Komentarze do notki: Teokracja. O niezależnych sędziach

« Wróć do notki

Krzysztof Rogalski3 stycznia 2025, 17:48
Pół Bodnara jest ministrem, drugi pół prokuratorem...
To by się zgadzało, i jeden i drugi półgłówek, ale...
Gwałtu, rety, to która część Bodnara jest senatorem? Cały już zajęty, co oznacza, iż fizycznie mamy senatorów XI kadencji co najwyżej 99.
kelkeszos3 stycznia 2025, 18:26
@Krzysztof Rogalski Niestety, ale senator Bodnar ( cóż za rozjazd pojęcia z desygnatem ) jest w Senacie obecny duchem. I to wystarcza.
Dywersyfikator3 stycznia 2025, 21:17
A KONKRETNE  PRZYPADKI  ? ,  np.  w  przypadku  SN ?  , --- bo jak WALIĆ ! , to już z GRUBEJ RURY  ?? , ----  Na Pewno  jest taka  jedna  IZBA SN ! , ---  Której Historię od  lat  DZIEWIĘĆDZIESIĄTYCH ! , --- mało Kto  UCZCIWY  by  ŻYROWAŁ ! , ---  chociażby , ze względu na Historię jej Składu  Osobowego ! , --- ale  po co Wnikać w  SZCZEGÓŁY  ?
Dywersyfikator3 stycznia 2025, 21:32
@Dywersyfikator , dodam jeszcze Nieskromnie ? , ---- że taka np. PISOWSKA  ŚWIEŻYNKA ? ,  jak IZBA KONTROLI NADZWYCZAJNEJ  ! ,  i GENEALOGIA jej Składu Osobowego !  , ----- to Przysłowiowy KRYSZTAŁ ?  w stosunku do Izby ! ,  we wcześniejszym  moim Komentarzu  Opisanej  ? , ---- oczywiście  to zależy od DEFINICJI  KRYSZTAŁU
ProvoCatio3 stycznia 2025, 21:51
w chaosie wykuwa sie nowa jakosc


i kiedy chaos przestanie byc potrzebny


nowe chwyci za "morde" zelaznym usciskiem


i knut stanie sie slodki, a wszyscy szczesliwi


i usmiechnieci


dobra notka

-
kelkeszos3 stycznia 2025, 22:21
@ProvoCatio Fakt że z tego celowo wywołanego chaosu ktoś chce wyłowić swój "platoński" kosmos - na górze mędrcy, w środku "żołnierze" a na dole niewolnicy, ale znów się nie uda.
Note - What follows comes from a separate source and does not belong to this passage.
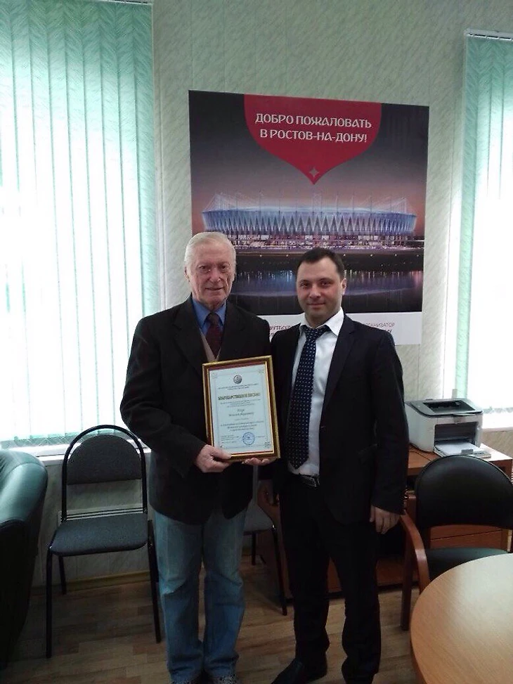 Начальник Управления по физической культуре и спорту города Ростова-на-Дону Денис Браславский в честь 80-ти летнего юбилея вручил Вениамину Искре благодарность Управления по физической культуре и спорта г.Ростова-на-Дону. В свои почтенные годы Вениамин Яковлевич Искра бодр и активен так же, как когда-то на футбольном поле, за что его, быстроногого правого крайнего, любили болельщики «Ростсельмаша», за который он выступал семь сезонов (в его активе свыше 150 матчей, 30 забитых мячей). Сегодня же Искра руководит «Клубом ветеранов футбола Дона» и благодаря его бурной деятельности игроки, в разное время повесившие бутсы на гвоздь, чувствуют внимание к себе и заботу. Вся спортивная общественность города ещё раз поздравляет Вениамина Яковлевича с юбилеем и благодарит за огромный вклад в развитие спорта в южной столице.

Dzięki!
ProvoCatio4 stycznia 2025, 01:42
@kelkeszos 

tez mam nadzieje, ze sie nie uda...


w Bogu nadzieja


-
Capricorn ludowe4 stycznia 2025, 02:00
@ProvoCatio 
Komentarz pasuje do okresu zakończonego stanem wojennym. Historia się powtarza?
ProvoCatio4 stycznia 2025, 02:24
@Capricorn ludowe 


okres poprzedzajacy stan wojenny, to najlepszy okres w historii Polski


po roku 1944 i pisze teraz o roku 1980.



tak jak jest teraz, to jeszcze nigdy nie bylo ( chyba ze czasy stalinowske )


-
Capricorn ludowe4 stycznia 2025, 10:50
@ProvoCatio 
Czas rewolucji, zakończony dyktatorskim uporządkowaniem.
To znalazłem w komentarzu a nie tylko szlachetny zryw Polaków
JacekB4 stycznia 2025, 00:36
""Jeśli temu się nie sprzeciwimy, skończymy w teokracji, rządzonej przez kilkuset ludzi mieniących się być "autorytetami prawniczymi".""

Jak? 

Pustynia już nie pomoże - smartfony itd... do tego, a kto miałby być Mojżeszem?
A ten źle skończył.
https://www.youtube.com/watch?v=mQQKZ5cgybU&ab_channel=HDFilmTributes 

Tylko modlitwa zostanie dla jednych?
Dla drugich...
https://www.youtube.com/watch?v=WSLMN6g_Od4&ab_channel=manetaki 

Szkodnik rujnuje wszystko i buduje dom wariatów - później posadka w UE.
Jeżeli można wejść do domu Głowy Państwa i nic się nie stało, to czego nie można?
Na pewno nie tylko jedna stona może stosować prawo po swojemu... i co z tego?

Może nowy Jaruzelski jest potrzebny?
Nowy na nowy czas i nowe okoliczności - stary dał radę... Pinochet też!
JacekB4 stycznia 2025, 00:52
@kelkeszos  PS

Wszystkiego dobrego w 2025 roku - zdrowia, satysfakcji i spokoju przede wszystkim...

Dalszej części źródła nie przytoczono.